Iraqis Using YouTube to Mock Leaders, U.S. Soldiers

US soldiers are lampooned, policemen are shown as buffoons and Shiite cleric Moqtada al-Sadr is irreverently cheered by penguins… Iraqis are turning more and more to You Tube to express their dark-edged humor.

The main butt of send-ups posted by Iraqis on the popular Internet video site is, as one might expect, the US military.

With around 160,000 troopers scattered across the country there is clearly no dearth of subjects -- nor lack of innovative video makers.

One video shows a large-mouthed soldier repeating Arabic phrases told to him by a group of locals.

"Bring us back to our family, bring us home. Bring us some bread, any bread, hot or cold," he says, seemingly unaware of what he is repeating.

"The salary is not that good either," he adds as the camera zooms closely onto his face.

Another video shows a group of Iraqi soldiers speaking to a female American trooper, who clearly knows a smattering of Arabic.

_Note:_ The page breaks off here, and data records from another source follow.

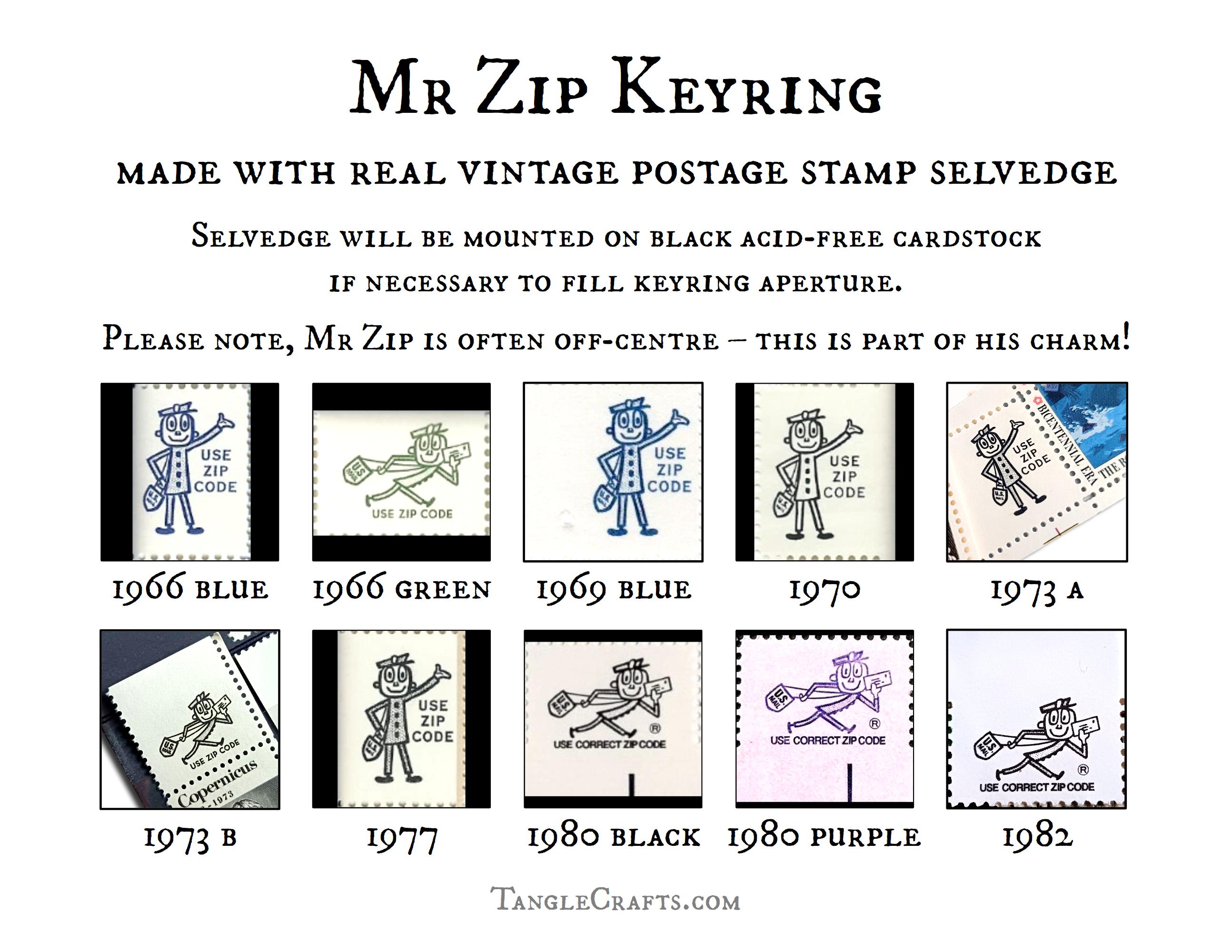 Made using the Mr Zip character found on US postage stamp selvedge from the 1960s-1980s, this keyring (or zipper pull/handbag charm) is a fun & quirky upcycled accessory for any philatelist or letter writer! Please read on for full details:
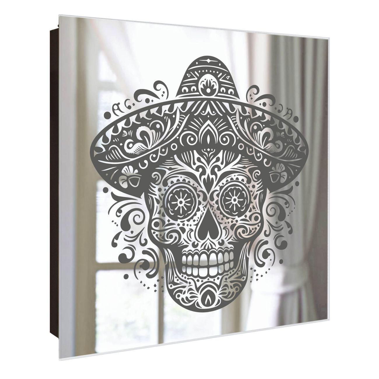 Spiegel Schlüsselkasten - Design Schlüsselbox Motiv Sombrero Totenkopf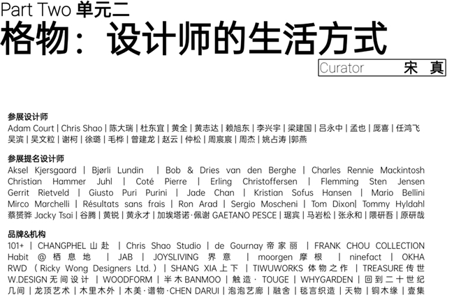 而「栖居之界」总策划、万华集团室内设计中心总经理宋真也告诉我们,自己主策的单元二,以生活方式为切口,联合62位专注于人居理想营造的设计师,以及来自12个国家和地区的39家生活方式品牌,带来149件/组参展作品共同呈现中国当代设计史的一个小小局部、撰写一部关于「如何生活」的立体诗篇,描摹当下中国最有影响力的设计师在人居生活多层次的思考。

They ask her name, and she replies "Sarah." They ask her questions and she replies in Arabic. She is from Alabama -- she does not like New York.

The walkie-talkie strapped near her shoulder crackles and she bends her head towards it to answer.

She speaks for a minute or two, bending her head forward each time she answers.

"Shaar (hair)," the soldiers say suggestively, enticing her to break out into a sensual Iraqi dance during which unveiled women throw their heads forward to send their hair flying upwards.

Many videos show male US soldiers dancing clumsily with their Iraqi counterparts or with people in the streets.

One hilarious minute-long segment captures an American military policeman, complete with flak jacket and weapon, spinning round and round while a group of Iraqi policemen cheer him on.

With dancing in public such an integral part of Iraqi culture, it is little wonder that the funnier side of this practice has been captured on video.

People fall, lurch into one another, and in one featuring Iraqi policemen they even drop their trousers.

Away from the dance floor, two policemen are shown in one clip stopping a truck. As the edgy pair bend down to inspect the underside of the vehicle the driver toots his horn, giving both such a fright that they fall over backwards.

But little appears sacred for Iraqis caught up in brutal sectarian violence and harsh living conditions, proof of the maxim that populations in high stress situations or oppressive environments use dark humor to help them survive.

One of the main targets in the highly religious country is Moqtada al-Sadr, the powerful Shiite cleric whose thousands-strong Mahdi Army militia is known to hero-worship him.

One video clip shows a colony of penguins, led by a large male with distinctive orange markings on his neck, swaggering around the ice chanting "Moqtada, Moqtada, Moqtada!"

The 66-second segment, its soundtrack clearly recorded at a Mahdi Army gathering engaged in rowdy praise of the cleric, shows the penguins raising their flippers heavenwards, beaks wide open as they become more and more enthusiastic about Sadr.

The video, clearly doctored electronically, ends with the penguins forming a large heart-shaped gathering around their leader who stands bellowing in the middle.

More controversial in a country divided by sectarianism are clips showing Shiites in mosques during Ashura ceremonies when devotees beat their chests -- set to Iraqi pop music.

One video shows earnest devotees raising their hands, beating their chests and chanting in anguish as a popular song called "Orange" plays on the soundtrack.

The song features a lover who pours out his tender devotion for his girlfriend and her favorite color.

Not all Iraqis approve of their leaders being belittled in this way, and comments posted on the site beneath the videos reflect the wide divergence of opinion that characterizes the country's political landscape.

"Shame on you to liken Moqtada al-Sadr to a penguin and humiliate him in front of all the world," says "Wisam" beneath the penguin clip.

"It is indeed a shame," agrees "Abdul." "He and his donkeys are far worse than penguins."